WHAT IS REQUIRED |
From the records beneath, determine how many lines contain "with" and report only that figure.

**** STORED DATA

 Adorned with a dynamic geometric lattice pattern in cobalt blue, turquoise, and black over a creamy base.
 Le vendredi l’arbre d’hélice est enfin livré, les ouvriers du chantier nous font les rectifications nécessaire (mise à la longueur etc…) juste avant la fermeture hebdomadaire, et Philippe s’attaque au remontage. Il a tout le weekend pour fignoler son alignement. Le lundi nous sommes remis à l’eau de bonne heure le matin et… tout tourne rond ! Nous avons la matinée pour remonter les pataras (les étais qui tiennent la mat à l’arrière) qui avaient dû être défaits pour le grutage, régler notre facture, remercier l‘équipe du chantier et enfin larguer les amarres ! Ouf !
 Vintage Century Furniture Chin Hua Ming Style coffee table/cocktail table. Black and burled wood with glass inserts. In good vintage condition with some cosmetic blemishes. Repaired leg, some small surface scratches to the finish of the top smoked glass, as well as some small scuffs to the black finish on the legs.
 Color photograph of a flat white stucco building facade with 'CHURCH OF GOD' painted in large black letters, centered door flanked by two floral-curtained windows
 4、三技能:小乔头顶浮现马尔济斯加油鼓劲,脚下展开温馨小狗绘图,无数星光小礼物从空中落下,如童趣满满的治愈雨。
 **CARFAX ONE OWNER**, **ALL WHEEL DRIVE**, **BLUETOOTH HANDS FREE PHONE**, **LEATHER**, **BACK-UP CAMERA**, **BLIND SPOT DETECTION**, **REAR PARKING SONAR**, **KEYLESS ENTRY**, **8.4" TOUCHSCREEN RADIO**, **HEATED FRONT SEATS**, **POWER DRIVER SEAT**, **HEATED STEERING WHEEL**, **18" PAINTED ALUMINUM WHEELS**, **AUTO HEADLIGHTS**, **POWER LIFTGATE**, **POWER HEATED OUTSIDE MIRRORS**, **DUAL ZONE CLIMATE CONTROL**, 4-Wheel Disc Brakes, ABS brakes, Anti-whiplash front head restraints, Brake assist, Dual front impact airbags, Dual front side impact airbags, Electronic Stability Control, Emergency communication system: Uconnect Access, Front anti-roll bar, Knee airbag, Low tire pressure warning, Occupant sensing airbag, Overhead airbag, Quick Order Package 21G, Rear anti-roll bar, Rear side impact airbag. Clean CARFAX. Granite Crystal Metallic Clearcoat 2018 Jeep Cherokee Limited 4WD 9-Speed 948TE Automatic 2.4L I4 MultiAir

********

FINISHED TASK |
3